Une communication interne forte doit souligner la gravité de l’événement et prendre en compte la part éventuelle du travail dans sa survenue, même si les raisons d’un suicide sont toujours complexes et difficiles à démêler. Il faut accepter de l’évaluer et envoyer ainsi aux personnes éventuellement en souffrance dans l’entreprise le signal que des solutions pour améliorer les conditions de travail vont être recherchées.

Réduire d’emblée les causes du suicide à des fragilités individuelles ou à des raisons personnelles fait passer, à l’inverse, le message que l’entreprise ne s’interroge pas sur son organisation du travail et que rien ne va bouger.

La volonté d’identifier les éventuels facteurs qui sont liés au travail doit donc être affirmée par la direction.

En revanche, en cas de suicide hors du site, l’employeur informe du décès (de préférence par oral plutôt que par mail) mais sans en donner les raisons.

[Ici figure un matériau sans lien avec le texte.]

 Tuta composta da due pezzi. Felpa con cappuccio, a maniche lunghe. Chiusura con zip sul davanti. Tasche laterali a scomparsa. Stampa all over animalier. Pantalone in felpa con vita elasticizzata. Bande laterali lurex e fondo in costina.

3. Prendre en charge les collègues

Une prise en charge psychologique des collègues de la victime (et de la victime elle-même dans le cas d’une tentative de suicide) doit être proposée (le médecin du travail pouvant suggérer à l’entreprise quelques intervenants spécialisés). La possibilité pour les salariés volontaires de participer à des débriefings psychologiques peut réduire le risque de passage à l’acte pour d’autres et les cas de stress post-traumatique. Ces séances, proposées de façon individuelle ou collective, dans ou hors de l’entreprise, doivent être animées par un spécialiste extérieur, sur une période suffisamment longue pour que toutes les personnes touchées par cet événement puissent « évacuer » le traumatisme. Elles permettront d’orienter les personnes en souffrance vers des thérapeutes spécialisés.

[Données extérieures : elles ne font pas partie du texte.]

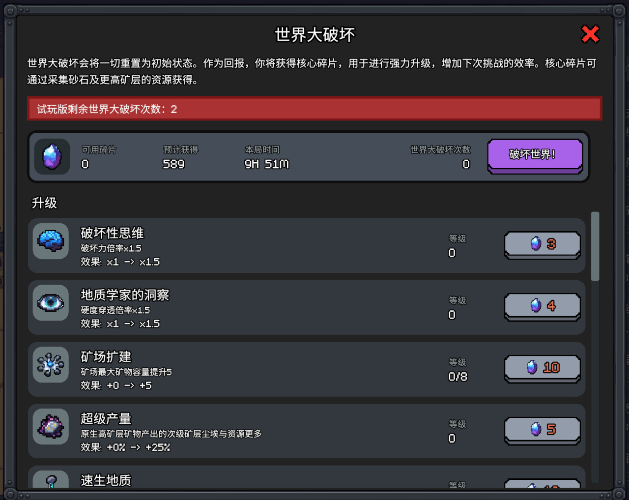 世界破坏也算是一个快速重置玩家进度和增加效率的玩法,根据现阶段的发展情况进行结算碎片来完成格外的加成,当然需要注意的是试玩版只能够重置两次为了方便截图我就先没有重置了,各项提升单从平面数据来看提升很大。

L’inrs alerte sur le fait que la mise à disposition d’un numéro vert anonyme et gratuit ne peut se substituer à une véritable prise en charge psychologique (et ne sera en aucun cas un substitut à l’analyse de l’événement).

Une déclaration d’accident du travail doit être établie par l’employeur quand le suicide se produit sur le lieu et au temps du travail, ou sur le trajet domicile-travail ainsi que pour les témoins du suicide.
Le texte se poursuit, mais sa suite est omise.